Start at the first line below and write out everything verbatim except the pictures.

Start of SUPPLIED DATA

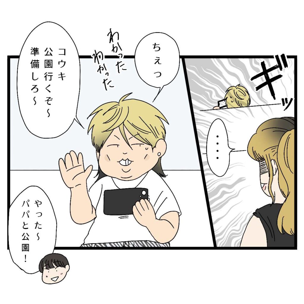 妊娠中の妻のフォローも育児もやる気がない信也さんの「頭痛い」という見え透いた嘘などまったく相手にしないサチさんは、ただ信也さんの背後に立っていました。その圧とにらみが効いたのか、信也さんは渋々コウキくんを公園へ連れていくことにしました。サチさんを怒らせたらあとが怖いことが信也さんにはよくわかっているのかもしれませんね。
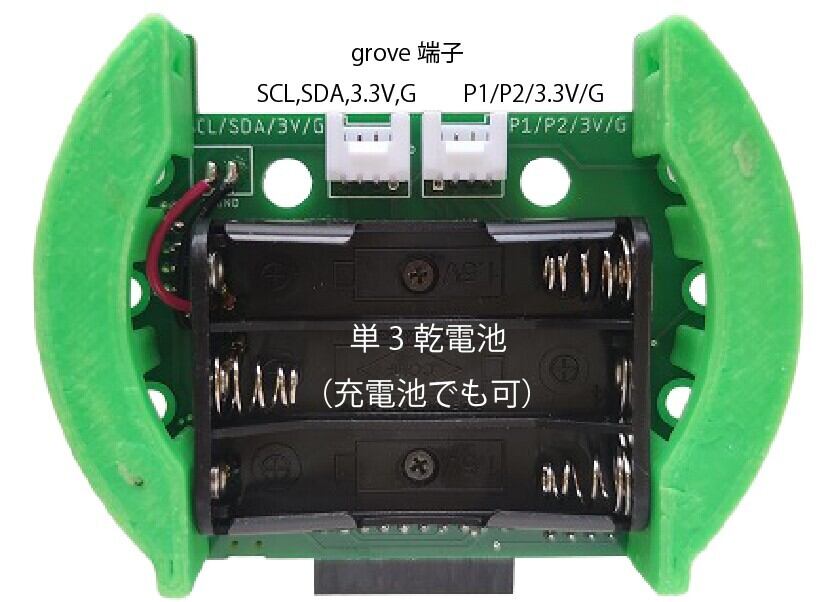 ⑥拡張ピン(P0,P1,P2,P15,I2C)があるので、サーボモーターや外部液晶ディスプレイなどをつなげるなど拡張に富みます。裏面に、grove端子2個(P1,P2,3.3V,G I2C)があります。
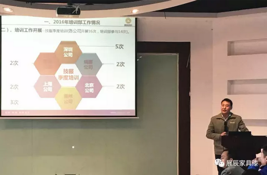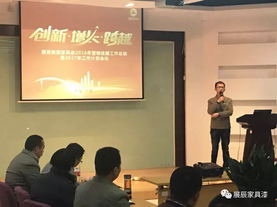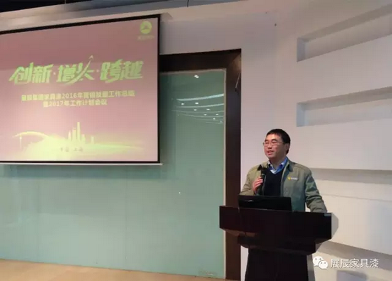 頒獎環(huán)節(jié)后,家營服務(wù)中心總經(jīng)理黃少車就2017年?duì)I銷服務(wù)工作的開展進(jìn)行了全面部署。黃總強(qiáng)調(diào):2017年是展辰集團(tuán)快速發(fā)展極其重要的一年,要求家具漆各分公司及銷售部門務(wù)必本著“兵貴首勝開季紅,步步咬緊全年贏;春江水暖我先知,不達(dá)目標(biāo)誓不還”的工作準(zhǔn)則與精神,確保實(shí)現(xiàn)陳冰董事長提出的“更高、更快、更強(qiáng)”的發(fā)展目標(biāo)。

End of SUPPLIED DATA

- ANSWER FOR THE TASK
 妊娠中の妻のフォローも育児もやる気がない信也さんの「頭痛い」という見え透いた嘘などまったく相手にしないサチさんは、ただ信也さんの背後に立っていました。その圧とにらみが効いたのか、信也さんは渋々コウキくんを公園へ連れていくことにしました。サチさんを怒らせたらあとが怖いことが信也さんにはよくわかっているのかもしれませんね。
 ⑥拡張ピン(P0,P1,P2,P15,I2C)があるので、サーボモーターや外部液晶ディスプレイなどをつなげるなど拡張に富みます。裏面に、grove端子2個(P1,P2,3.3V,G I2C)があります。
 頒獎環(huán)節(jié)后,家營服務(wù)中心總經(jīng)理黃少車就2017年?duì)I銷服務(wù)工作的開展進(jìn)行了全面部署。黃總強(qiáng)調(diào):2017年是展辰集團(tuán)快速發(fā)展極其重要的一年,要求家具漆各分公司及銷售部門務(wù)必本著“兵貴首勝開季紅,步步咬緊全年贏;春江水暖我先知,不達(dá)目標(biāo)誓不還”的工作準(zhǔn)則與精神,確保實(shí)現(xiàn)陳冰董事長提出的“更高、更快、更強(qiáng)”的發(fā)展目標(biāo)。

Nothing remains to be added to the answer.